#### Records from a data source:

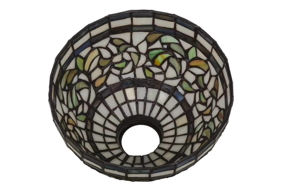 Subtle toned Autumn Gold; Russet and Moss Green leaves swirl against an Amber Mauve background in this stunning Tiffany Studio stained glass reproduction. The shade is enhanced with bands of Purple; Blue and Green and created using the famous Meyda Tiffany copperfoil construction process. This shade can be used with hardware to create a fine ceiling fixture or a base to make a handsome table lamp. Every Meyda Tiffany item is a unique handcrafted work of art. Natural variations in the glass colors make every item a masterpiece of its own.
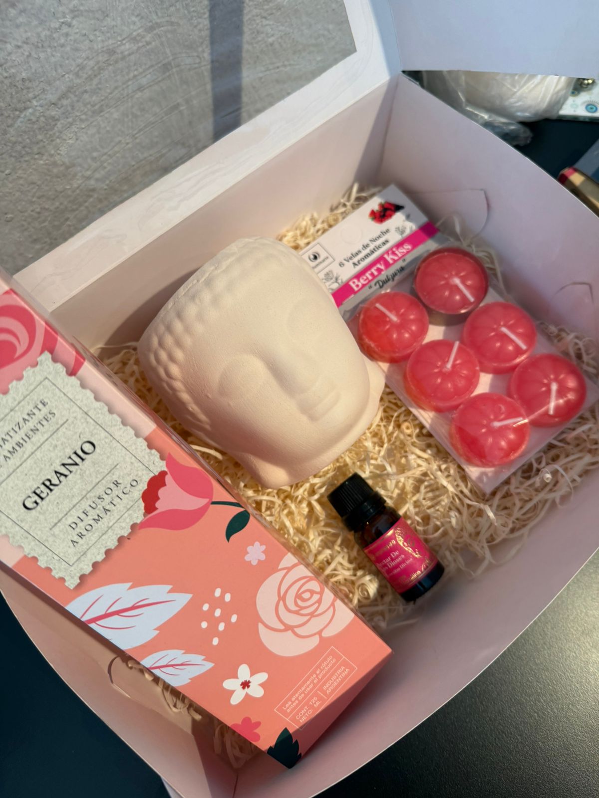 La box contiene: hornillo cabeza de buda, velas aromatizadas, difusor tao y esencia concentrada iluminarte.
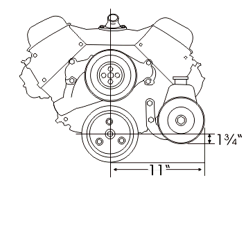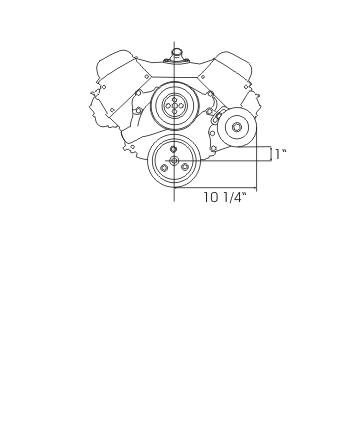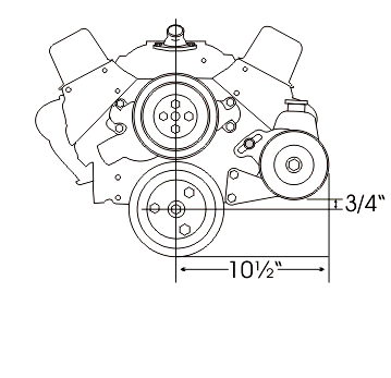 This bracket is designed to be used with the metric G.M. remote reservoir type 2 pump. Designed for street rod applications, it sits high enough to clear most chassis parts and steering gears. WILL NOT WORK WITH LOW PROFILE BRACKETS. Pump is driven off the outer groove of a 3 groove crank pulley. Pump uses an aluminum V-belt pulley available from us or other street rod suppliers. (Short Water Pump only). |
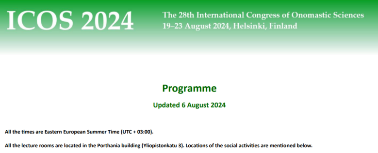 Dear colleagues and participants, Welcome to the 28th International Congress of Onomastic Sciences in Helsinki, Finland! This email includes important information about the Congress. Please read the post and the attachments through carefully! Fourth Circular Letter: Includes information on several topics, such as the venue, online participation, social events, etc. Updated programme: There have been some changes to...
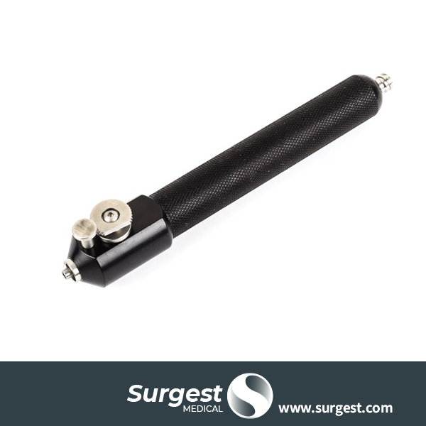 Mango de irrigación anestesica con sistema de control Apagado/encendido, doble conexión Luer Lock, fabricado en acero medico.
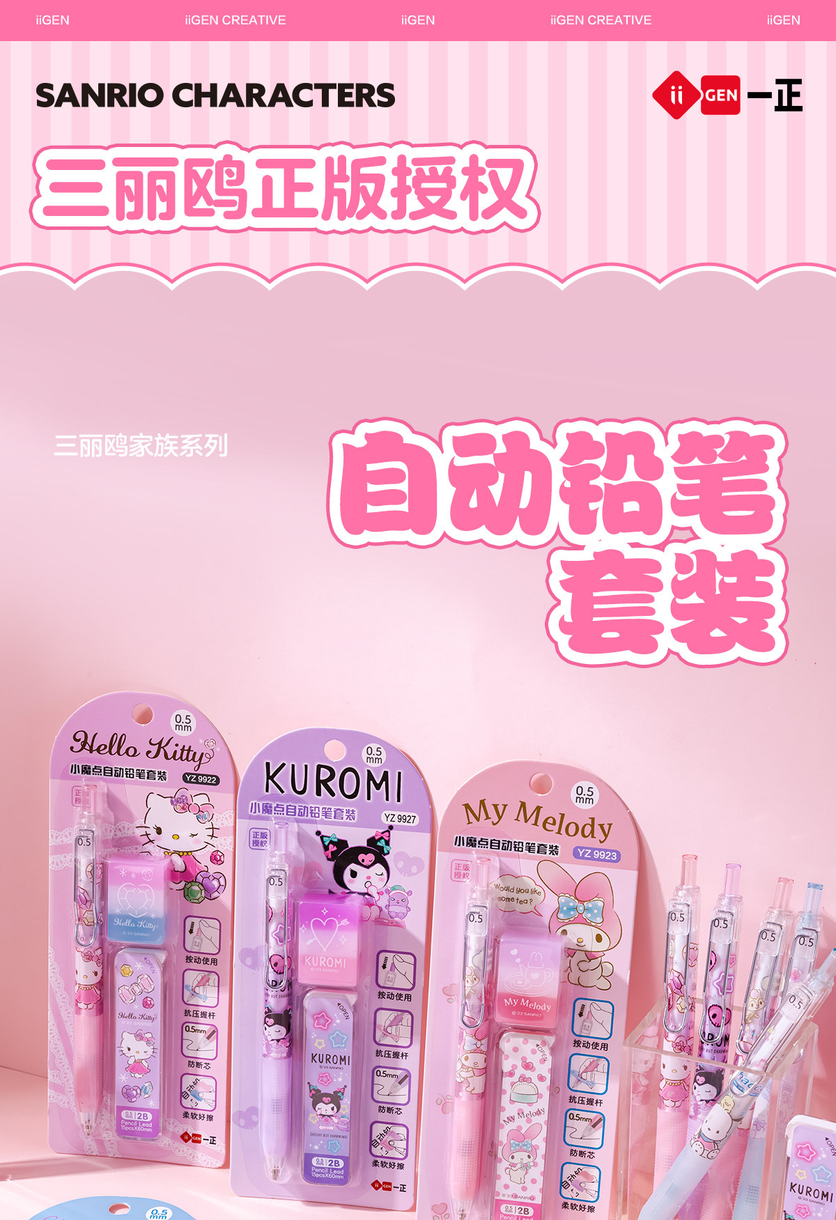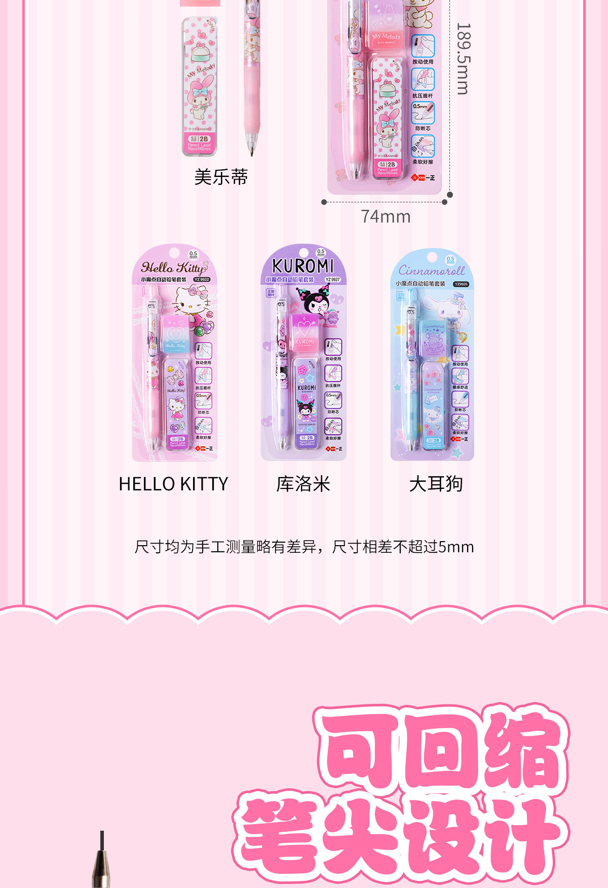 Yizheng Elementary School Student Mechanical Pencil 0.5mm Sanrio Little Mo Dot Mechanical Pencil My Melody Pencil Cinnamoroll Mechanical Pencil Set Low Center of Gravity Not Easy to Break Lead Kuromi Children's Pencil
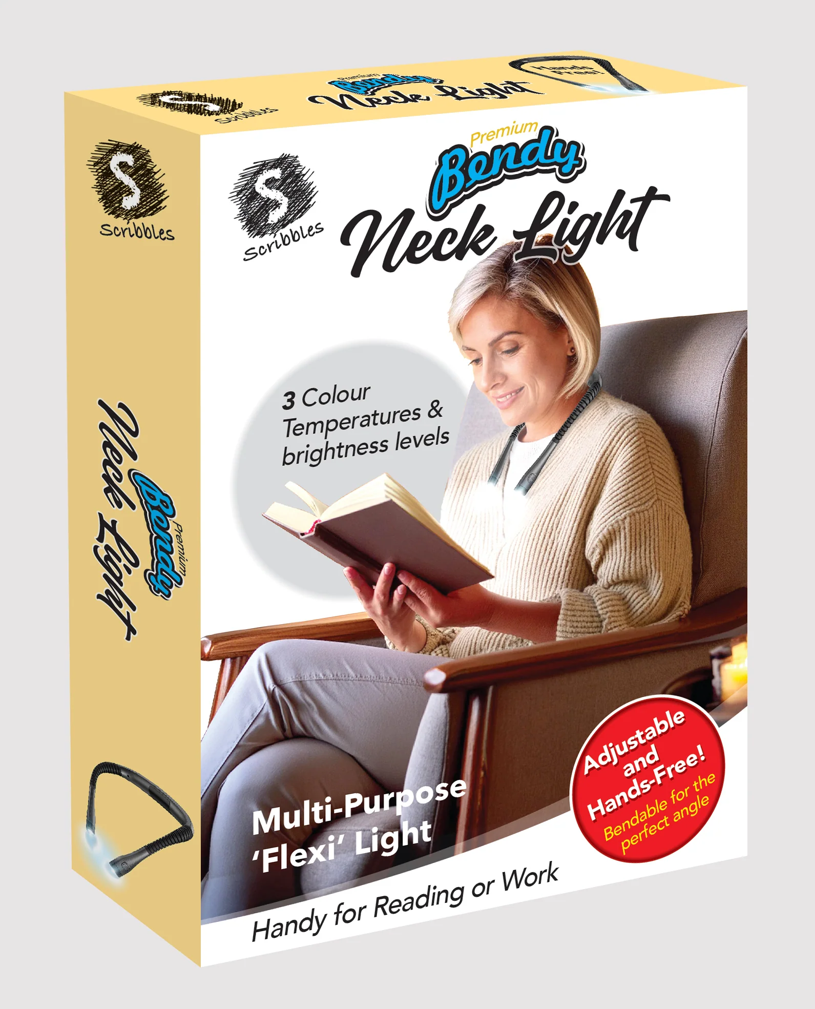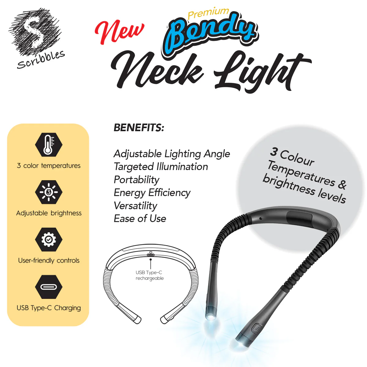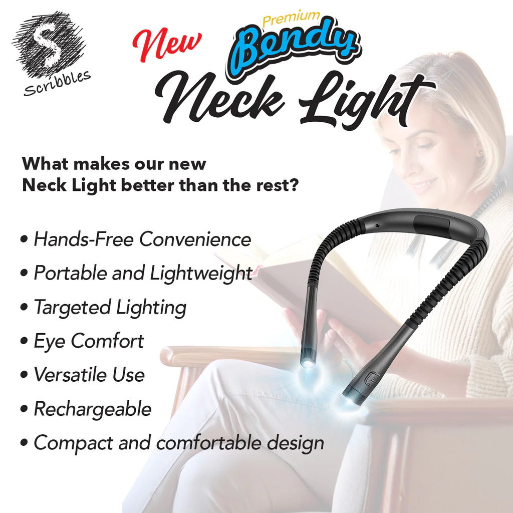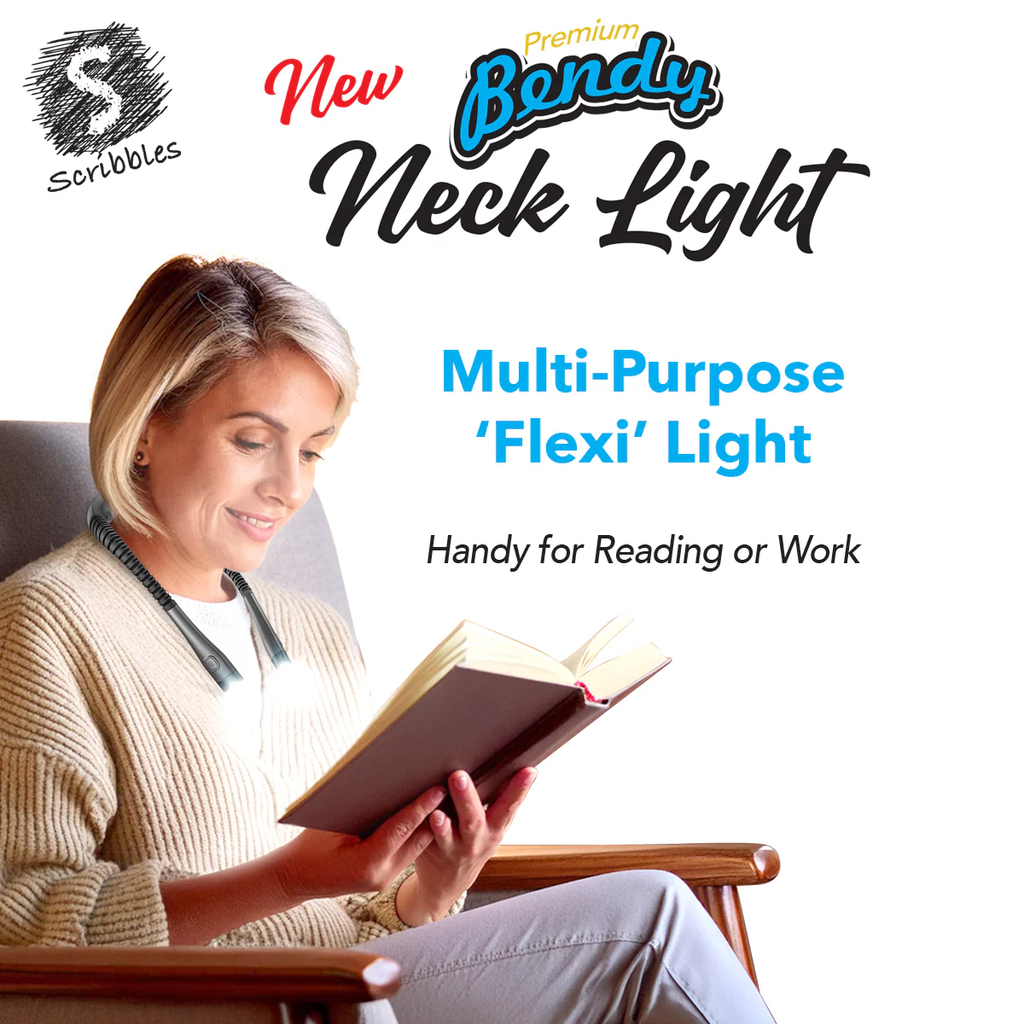 The Scribbles Premium Bendy Neck Light is a versatile, hands-free light perfect for reading, crafting, camping, and more. With 3 color modes (yellow, warm white, cool white), 6 brightness levels, and up to 80 hours of battery life, it's fully adjustable to suit your needs. USB Type-C charging, flicker-free LEDs, and ergonomic design ensure comfort and convenience. Its narrow beam design lights your space without disturbing others, making it ideal for shared environments.

#### What you will do:
Your answer must be the entries written out word for word, without their pictures.

#### Answer space:
 Subtle toned Autumn Gold; Russet and Moss Green leaves swirl against an Amber Mauve background in this stunning Tiffany Studio stained glass reproduction. The shade is enhanced with bands of Purple; Blue and Green and created using the famous Meyda Tiffany copperfoil construction process. This shade can be used with hardware to create a fine ceiling fixture or a base to make a handsome table lamp. Every Meyda Tiffany item is a unique handcrafted work of art. Natural variations in the glass colors make every item a masterpiece of its own.
 La box contiene: hornillo cabeza de buda, velas aromatizadas, difusor tao y esencia concentrada iluminarte.
 This bracket is designed to be used with the metric G.M. remote reservoir type 2 pump. Designed for street rod applications, it sits high enough to clear most chassis parts and steering gears. WILL NOT WORK WITH LOW PROFILE BRACKETS. Pump is driven off the outer groove of a 3 groove crank pulley. Pump uses an aluminum V-belt pulley available from us or other street rod suppliers. (Short Water Pump only). |
 Dear colleagues and participants, Welcome to the 28th International Congress of Onomastic Sciences in Helsinki, Finland! This email includes important information about the Congress. Please read the post and the attachments through carefully! Fourth Circular Letter: Includes information on several topics, such as the venue, online participation, social events, etc. Updated programme: There have been some changes to...
 Mango de irrigación anestesica con sistema de control Apagado/encendido, doble conexión Luer Lock, fabricado en acero medico.
 Yizheng Elementary School Student Mechanical Pencil 0.5mm Sanrio Little Mo Dot Mechanical Pencil My Melody Pencil Cinnamoroll Mechanical Pencil Set Low Center of Gravity Not Easy to Break Lead Kuromi Children's Pencil
 The Scribbles Premium Bendy Neck Light is a versatile, hands-free light perfect for reading, crafting, camping, and more. With 3 color modes (yellow, warm white, cool white), 6 brightness levels, and up to 80 hours of battery life, it's fully adjustable to suit your needs. USB Type-C charging, flicker-free LEDs, and ergonomic design ensure comfort and convenience. Its narrow beam design lights your space without disturbing others, making it ideal for shared environments.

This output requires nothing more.